6 Ways To Help A Friend With Drug Addiction

According to a 2014 National Survey on Drug Use and Health, 21.5 million Americans struggled with drug abuse, and the numbers continue to rise every year.

Most drug addictions start out innocently enough, through curiosity, friends or even medical prescriptions. More addicts report using prescription medications such as opioids and adderall than hard drugs such as cocaine or heroin.

Having a friend who struggles with drug addiction is heartbreaking and difficult. Addiction can have ripple effects that hurt more than just the person addicted. Read on for six ways to help a friend or family member with drug addiction.  

Public domain photo/Psychonaught

  1. Learn About Addiction

Despite being so common, addiction is frequently misunderstood and demonised. For example, many people try to directly confront their addicted loved one and guilt the person into quitting the drug. However, this has the opposite intended effect.

Educate yourself on addiction- how it occurs, common side effects, and how to help. By taking the time to understand the problem, you can be part of the solution.

  1. Offer Your Support

Addiction is powerfully isolating for the person addicted. Many wrestle with shame and guilt for disappointing the people around them, causing them to rely on the drug even more to suppress those negative emotions.

Just the simple act of verbally reaffirming your support and compassion can be a huge help for a person struggling with addiction. Try to do this privately and avoid lecturing- instead, focus on your genuine concern and offer any support. Make the addict feel loved.

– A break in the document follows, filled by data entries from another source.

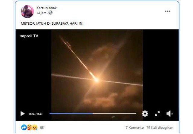 Video benda bersinar jatuh dari langit itu bukan meteor yang tampak di atas Sidosermo, Surabaya. Melainkan serpihan roket komersial milik Tiongkok yang meledak dan terlihat di Pulau Guam, Pasifik Barat.
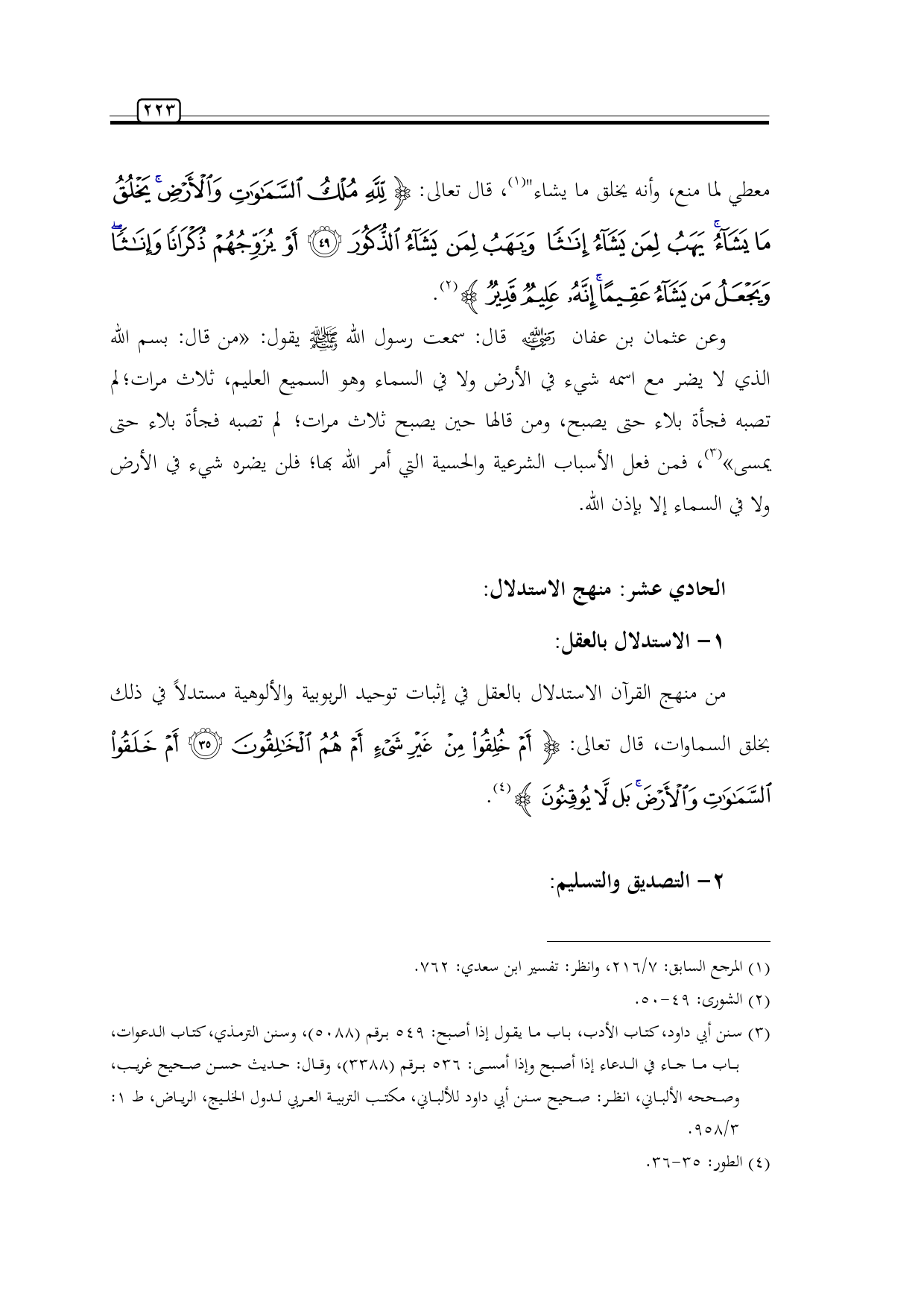 معطي لما منع، وأنه يخلق ما يشاء" (¬1)، قال تعالى: {لِلَّهِ مُلْكُ السَّمَاوَاتِ وَالْأَرْضِ يَخْلُقُ مَا يَشَاءُ يَهَبُ لِمَنْ يَشَاءُ إِنَاثًا وَيَهَبُ لِمَنْ يَشَاءُ الذُّكُورَ (49) أَوْ يُزَوِّجُهُمْ ذُكْرَانًا وَإِنَاثًا وَيَجْعَلُ مَنْ يَشَاءُ عَقِيمًا إِنَّهُ عَلِيمٌ قَدِيرٌ} (¬2).
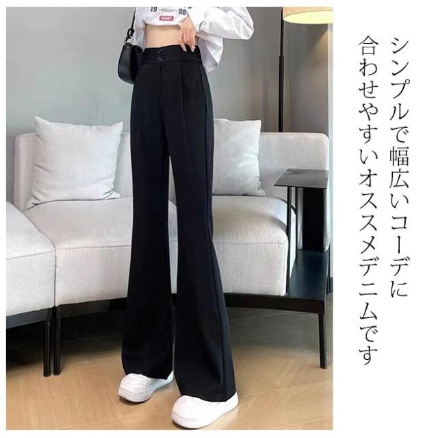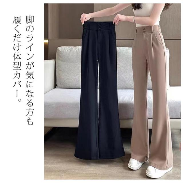 パンツ レディース ゆったり 無地 ハイウエスト きれいめ 通勤 着痩せ 落ち感 リラックス

  1. Get Professional Help

Although a small minority of addicts can recover with just the support of their friends and family, most people need professional help in the form of counselling or rehab. There are thousands of facilities devoted to helping addicted people.

You can play a role in getting your loved one professional help by taking them to and from appointments and having open conversations with the addict to reduce any shame they might feel about getting medical help.

  1. Don’t Enable

If the addict is someone who lives in your home or visits you often, you should examine your own life closely for behavior that might be enabling the addiction. For example, if the person is struggling with adderall withdrawal, make sure to remove any trace of the drug from your home and life.

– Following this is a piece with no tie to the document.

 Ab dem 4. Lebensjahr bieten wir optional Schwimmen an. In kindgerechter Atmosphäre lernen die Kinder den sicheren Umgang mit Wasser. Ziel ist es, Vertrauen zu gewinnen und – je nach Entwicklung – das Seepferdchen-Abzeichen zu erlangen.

You could also offer to clean out the person’s home for them. Other enabling behaviors you should watch out for include giving money to the addict or protecting the addict from legal proceedings. Letting the addict feel consequences while also removing opportunity will help reduce temptation.

  1. Recovery Is A Process

Recovering from any form of drug addiction is a huge accomplishment, but the threat of relapse is always present. Many people relapse as a result of too much pressure being placed on them to stay clean.

People who have never been addicted sometimes view addiction as a linear process, where you get addicted, go to rehab, and are clean forever. Unfortunately, it is almost never that simple. Be patient with your loved one and remember that recovery is a lifelong struggle.

  1. Take Care Of Yourself

Supporting a loved one through a difficult time is a burden for anyone, even the most committed and caring friend. At the end of the day, you have to take care of yourself.

Constantly being stressed about another person can cause resentment. By exercising, sleeping and focusing on your health, you can set a good example and be fully ready to help your friend.

Hopefully you found some ideas on how to help your friend through the struggle of drug addiction.